Task statement: Could you restate every entry word for word, minus the pictures?

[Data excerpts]
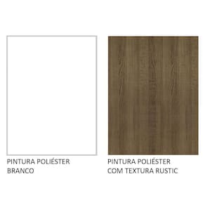 Por fim, o acabamento da estrutura é branco e as portas e frentes são em amadeirado Rustic. É feito em Poliéster Protetor ecológico, que consiste na aplicação de 7 camadas resistentes a álcool, água e calor.
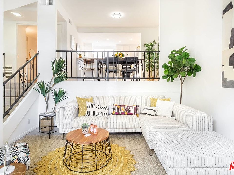Bright, light and airy! Here's your chance to purchase an architectural townhome with a wonderful floor plan. The open concept living area is perfect for entertaining family and friends. Soaring ceilings, suspended staircases, and a brick facade fireplace are real showstoppers. Enjoy views of tree tops from your serene living room or take in the afternoon on your oversized private patio. Powder room conveniently located on the main level is complete with in unit laundry! A large bonus room off of the kitchen may be used as a pantry or work from home office area. Upstairs you will find both bedrooms, extra storage and a remodeled bathroom. The private two car garage with direct entry really makes this property feel like home! Beautifully landscaped community with pool and spa is perfect for these hot summer days. Low HOA dues include basic cable, water, trash and landscaping.
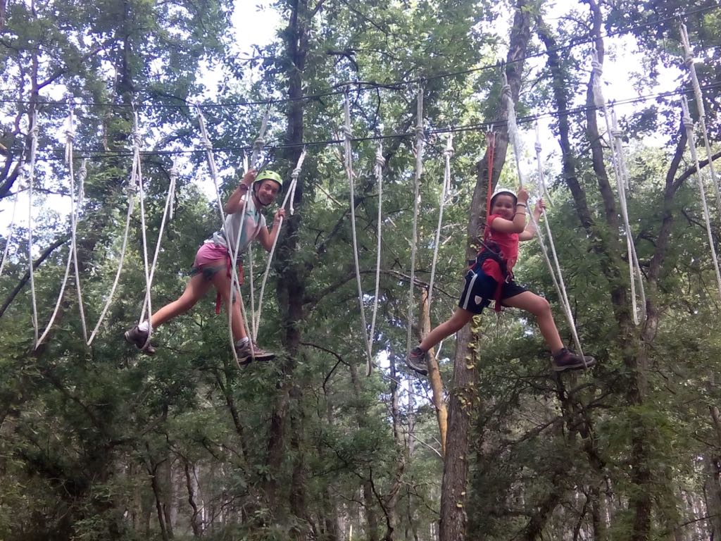Allí, las monitoras del parque nos dieron las instrucciones de seguridad para poder superar con éxito las pruebas que teníamos que hacer, no aptas para gente con vértigo. Nos pasamos la mañana entera entre tirolinas, mosquetones, puentes colgantes…
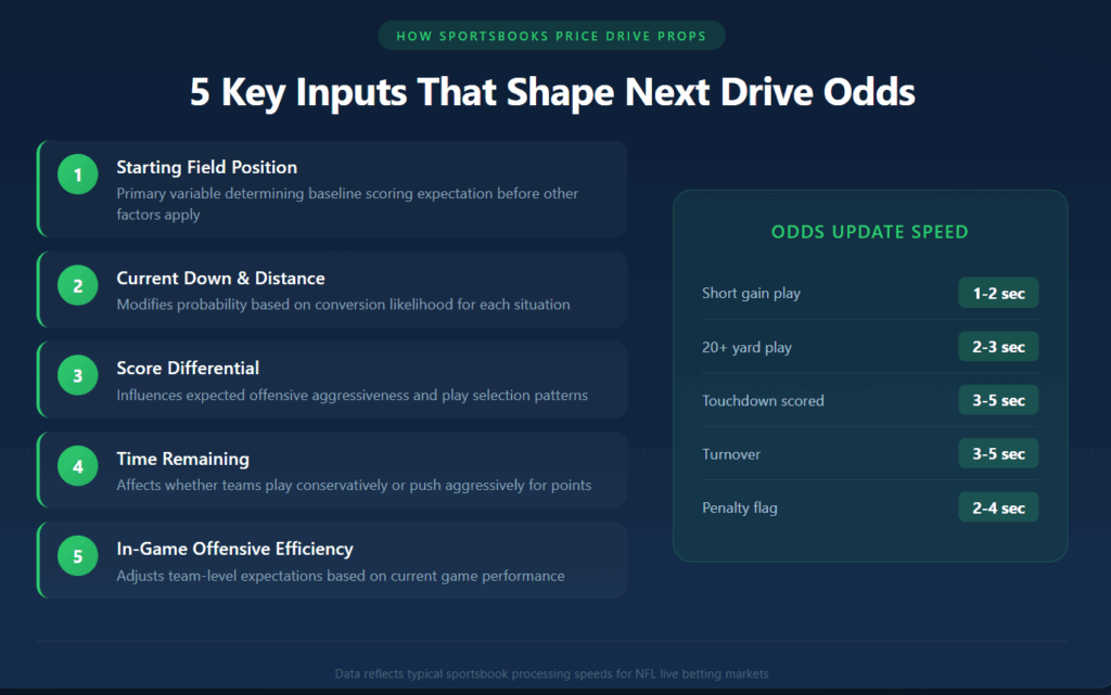 - Sportsbooks rely on official NFL data partnerships and proprietary algorithms to calculate next drive odds within seconds of each play
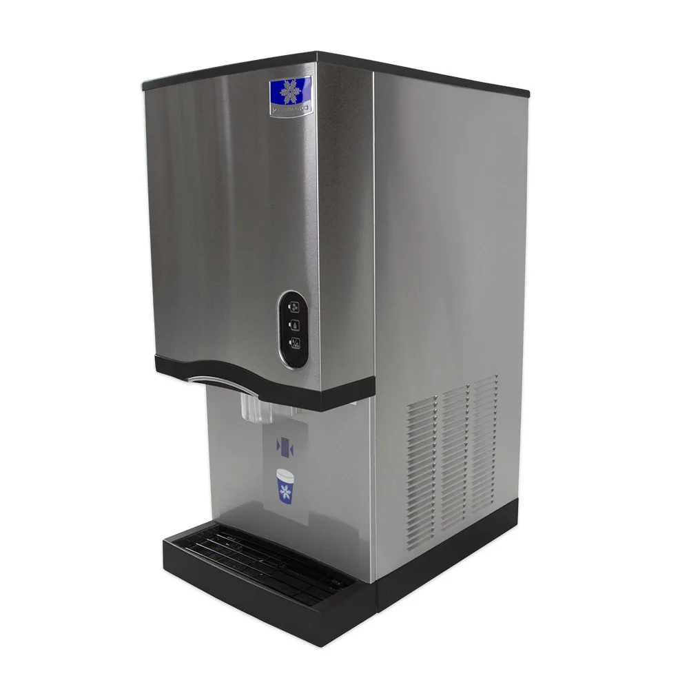 The Manitowoc Ice CNF0201A countertop ice and water dispenser works great in a variety of settings, such as hospitals, cafeterias, offices, and lobbies. Its nugget ice is a popular choice among customers because its chewability and size ensure it is ideal for casual consumption. Effectively helping customers see what they’re pouring, the dispenser’s blue LED light illuminates it in areas with low ambient lighting. In case of spills, a large drain pan rests below the dispenser, and the DuraTech™ front panel resists hardwater staining and can be wiped clean.
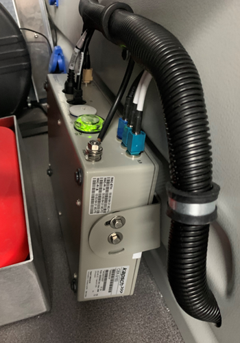 The core function of the C-ITS onboard unit is sending out different C-ITS messages (DENMs - Decentralized Environmental Notification Messages) when required, which are either triggered automatically when the blue or yellow light is activated or activated manually via a tablet handheld, such as warnings for approaching emergency vehicles, stationary vehicles in protection, accidents, breakdowns, road works, etc.
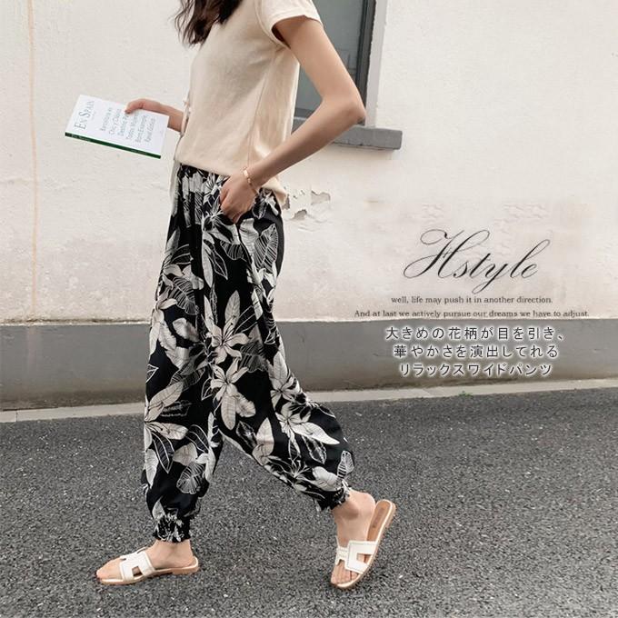 ガウチョパンツ レディース きれいめ ガウチョパンツ コーデ 40代 ウエストゴム ズボン ウエストゴムパンツ レディース マキシ丈 花柄 ボタニカル ワイドパンツ Lady Loco Prime 通販 Yahoo ショッピング
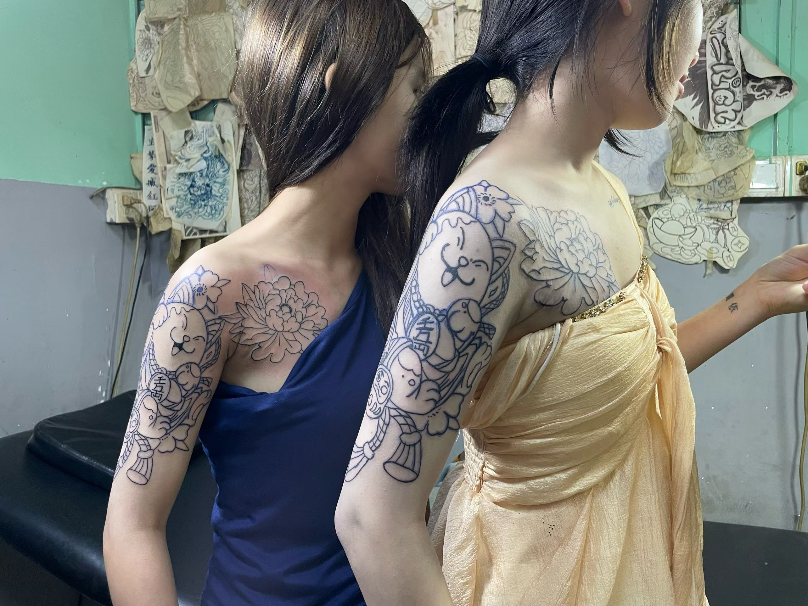两个小姐姐一起来纹个大臂原创视频 个性纹身 花臂纹身 黄埠纹身黄埠那里有纹身的
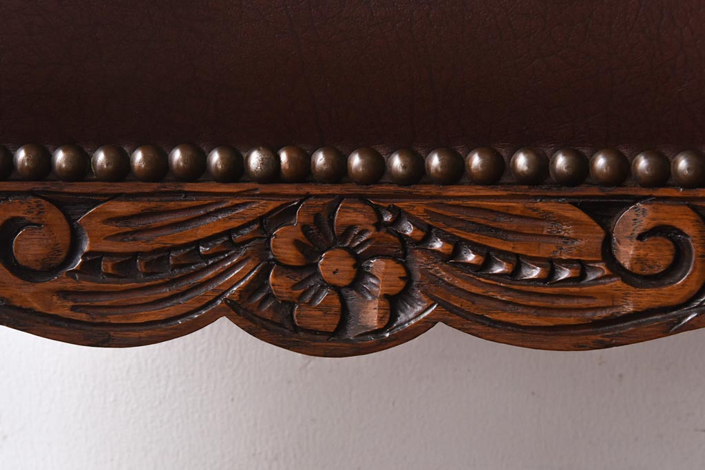 ラフジュ工房> 椅子・ベンチ> サロンチェア > アンティーク家具 イギリスアンティーク オーク材 本革 彫刻の意匠がおしゃれなチェア(ダイニングチェア、椅子)(1)
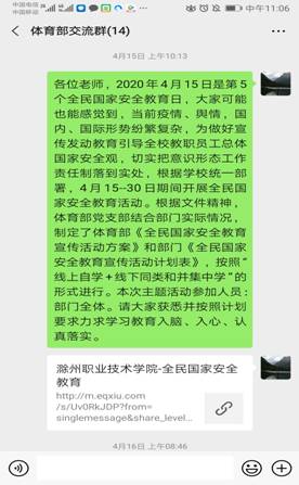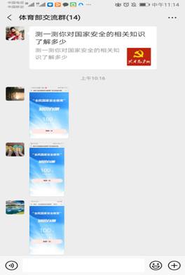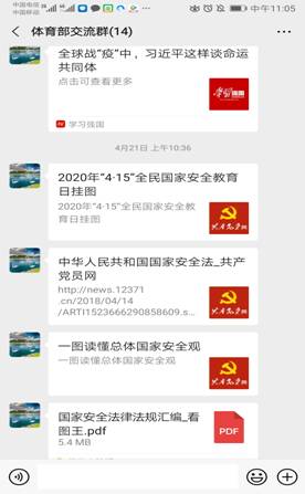 为深入贯彻《教育部办公厅关于组织开展2020年全民国家安全教育日宣传教育活动的通知》(教思政厅函〔2020〕4号)和《安徽省教育厅关于组织开展2020年全民国家安全教育日宣传教育活动的通知》(皖教秘思政〔2020〕20号)的文件要求,落实校党委《关于组织开展2020年全民国家安全教育日宣传教育活动的通知》统一部署,结合awc官网疫情防控和部门工作实际,4月15-30日,体育教学部由党支部牵头组织部门全体教职工采用“线上线下相结合”的方式,灵活运用部门网站、微信群、QQ群、学习强国等媒介,广泛宣传《中华人民共和国国家安全法》、《全国全民安全教育》等国家安全法律法规,营造“国家安全、人人有责”的浓厚氛围,力戒形式主义,坚决防止走形式、走过场,严格保密纪律,严防失密事件发生,切实将校党委通知精神落实到实处。
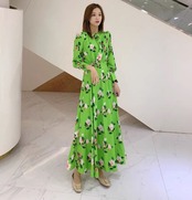 Pinkoz 滑走路デザイナー スタイリッシュな緑ピンクの花プリント ハイウエスト マキシ ドレス女性秋自由奔放に生きるフル スリーブ ローブ デ mujer ハイウェスト オータム 秋物 グリーン フラワーデザイン
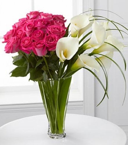 Stunning hot pink roses paired with elegant cala lilies in a crystal clear vase. This unique combination is sure to make an unforgettable impression. Delivered with care and ready to brighten someone's day.
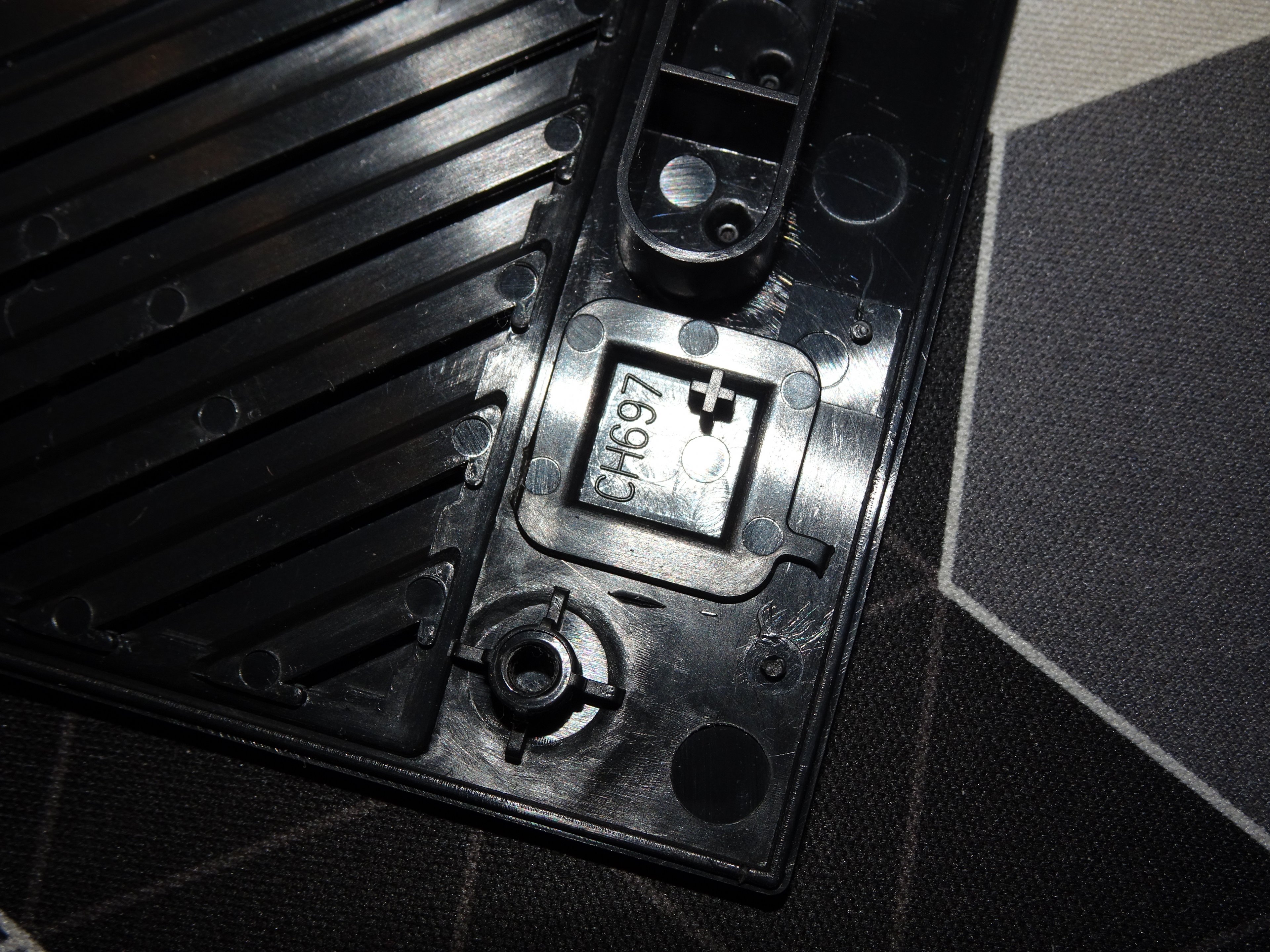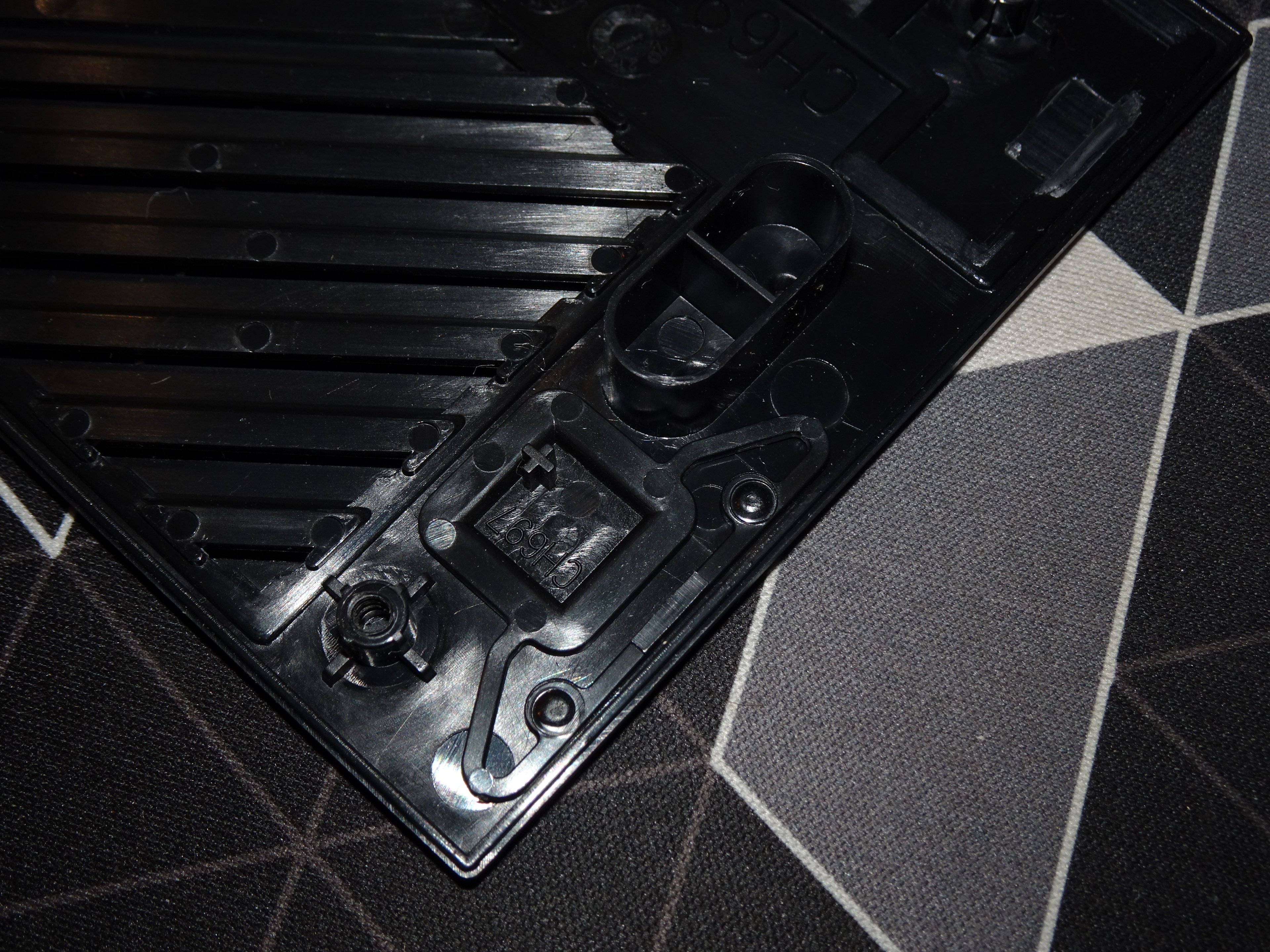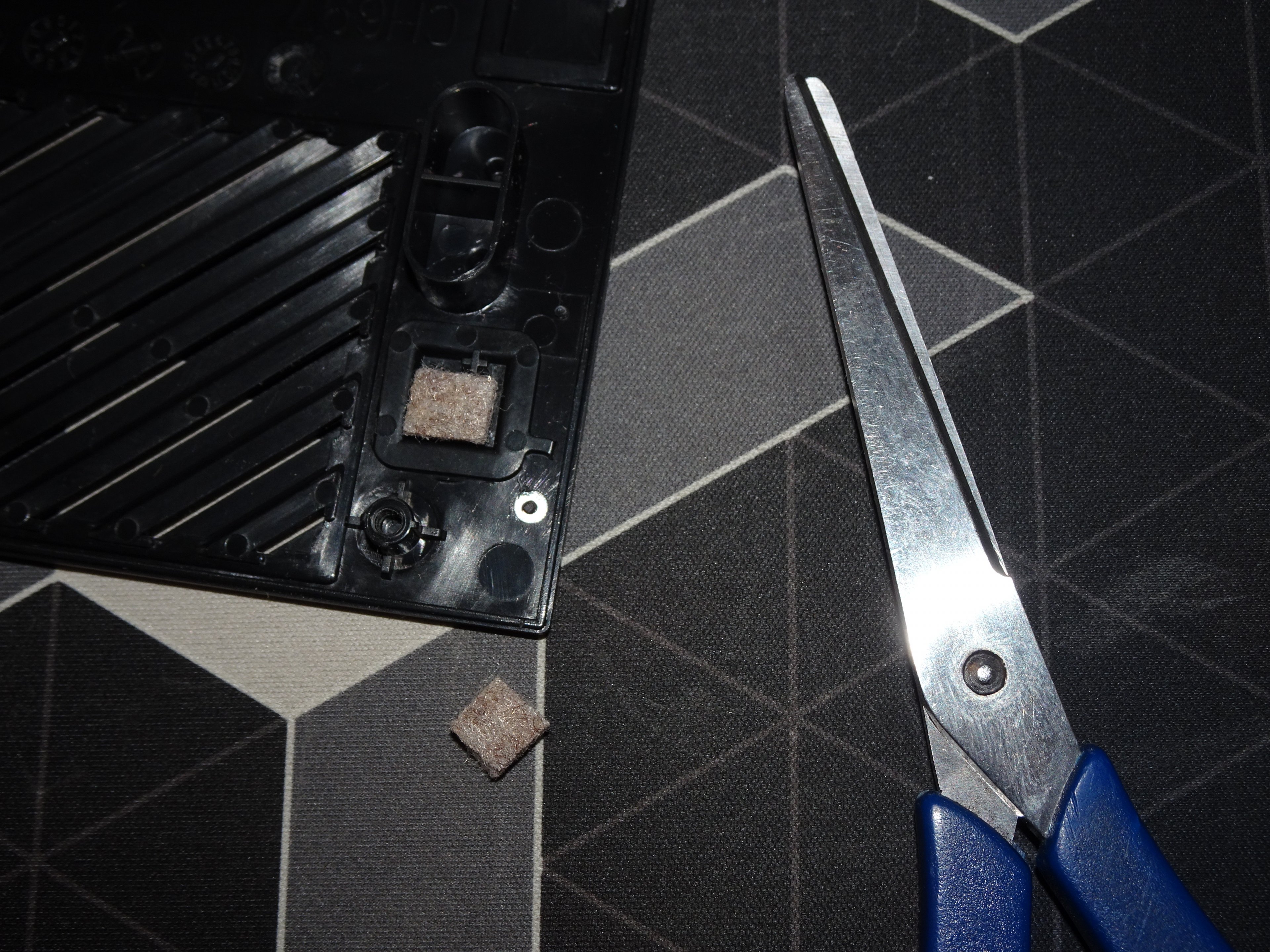Das hat mich dazu gebracht, die Frontblende abzuschrauben, den Knopf herauszuschneiden und gedreht wieder reinzulegen. Weil die kreuzförmige Plastiknase nicht zentriert ausgerichtet ist, trifft sie den Taster nicht mehr, er fällt zu weit ins Gehäuse rein und lässt sich nicht mehr drücken. Die Plastiknase habe ich herausgeschnitten und ein Stück von einem Filzgleiter eingeklebt und das Filz mit einem Tropfen verhärtet - passt.

Result:
 Por fim, o acabamento da estrutura é branco e as portas e frentes são em amadeirado Rustic. É feito em Poliéster Protetor ecológico, que consiste na aplicação de 7 camadas resistentes a álcool, água e calor.
Bright, light and airy! Here's your chance to purchase an architectural townhome with a wonderful floor plan. The open concept living area is perfect for entertaining family and friends. Soaring ceilings, suspended staircases, and a brick facade fireplace are real showstoppers. Enjoy views of tree tops from your serene living room or take in the afternoon on your oversized private patio. Powder room conveniently located on the main level is complete with in unit laundry! A large bonus room off of the kitchen may be used as a pantry or work from home office area. Upstairs you will find both bedrooms, extra storage and a remodeled bathroom. The private two car garage with direct entry really makes this property feel like home! Beautifully landscaped community with pool and spa is perfect for these hot summer days. Low HOA dues include basic cable, water, trash and landscaping.
Allí, las monitoras del parque nos dieron las instrucciones de seguridad para poder superar con éxito las pruebas que teníamos que hacer, no aptas para gente con vértigo. Nos pasamos la mañana entera entre tirolinas, mosquetones, puentes colgantes…
 - Sportsbooks rely on official NFL data partnerships and proprietary algorithms to calculate next drive odds within seconds of each play
 The Manitowoc Ice CNF0201A countertop ice and water dispenser works great in a variety of settings, such as hospitals, cafeterias, offices, and lobbies. Its nugget ice is a popular choice among customers because its chewability and size ensure it is ideal for casual consumption. Effectively helping customers see what they’re pouring, the dispenser’s blue LED light illuminates it in areas with low ambient lighting. In case of spills, a large drain pan rests below the dispenser, and the DuraTech™ front panel resists hardwater staining and can be wiped clean.
 The core function of the C-ITS onboard unit is sending out different C-ITS messages (DENMs - Decentralized Environmental Notification Messages) when required, which are either triggered automatically when the blue or yellow light is activated or activated manually via a tablet handheld, such as warnings for approaching emergency vehicles, stationary vehicles in protection, accidents, breakdowns, road works, etc.
 ガウチョパンツ レディース きれいめ ガウチョパンツ コーデ 40代 ウエストゴム ズボン ウエストゴムパンツ レディース マキシ丈 花柄 ボタニカル ワイドパンツ Lady Loco Prime 通販 Yahoo ショッピング
两个小姐姐一起来纹个大臂原创视频 个性纹身 花臂纹身 黄埠纹身黄埠那里有纹身的
 ラフジュ工房> 椅子・ベンチ> サロンチェア > アンティーク家具 イギリスアンティーク オーク材 本革 彫刻の意匠がおしゃれなチェア(ダイニングチェア、椅子)(1)
 为深入贯彻《教育部办公厅关于组织开展2020年全民国家安全教育日宣传教育活动的通知》(教思政厅函〔2020〕4号)和《安徽省教育厅关于组织开展2020年全民国家安全教育日宣传教育活动的通知》(皖教秘思政〔2020〕20号)的文件要求,落实校党委《关于组织开展2020年全民国家安全教育日宣传教育活动的通知》统一部署,结合awc官网疫情防控和部门工作实际,4月15-30日,体育教学部由党支部牵头组织部门全体教职工采用“线上线下相结合”的方式,灵活运用部门网站、微信群、QQ群、学习强国等媒介,广泛宣传《中华人民共和国国家安全法》、《全国全民安全教育》等国家安全法律法规,营造“国家安全、人人有责”的浓厚氛围,力戒形式主义,坚决防止走形式、走过场,严格保密纪律,严防失密事件发生,切实将校党委通知精神落实到实处。
 Pinkoz 滑走路デザイナー スタイリッシュな緑ピンクの花プリント ハイウエスト マキシ ドレス女性秋自由奔放に生きるフル スリーブ ローブ デ mujer ハイウェスト オータム 秋物 グリーン フラワーデザイン
 Stunning hot pink roses paired with elegant cala lilies in a crystal clear vase. This unique combination is sure to make an unforgettable impression. Delivered with care and ready to brighten someone's day.
Das hat mich dazu gebracht, die Frontblende abzuschrauben, den Knopf herauszuschneiden und gedreht wieder reinzulegen. Weil die kreuzförmige Plastiknase nicht zentriert ausgerichtet ist, trifft sie den Taster nicht mehr, er fällt zu weit ins Gehäuse rein und lässt sich nicht mehr drücken. Die Plastiknase habe ich herausgeschnitten und ein Stück von einem Filzgleiter eingeklebt und das Filz mit einem Tropfen verhärtet - passt.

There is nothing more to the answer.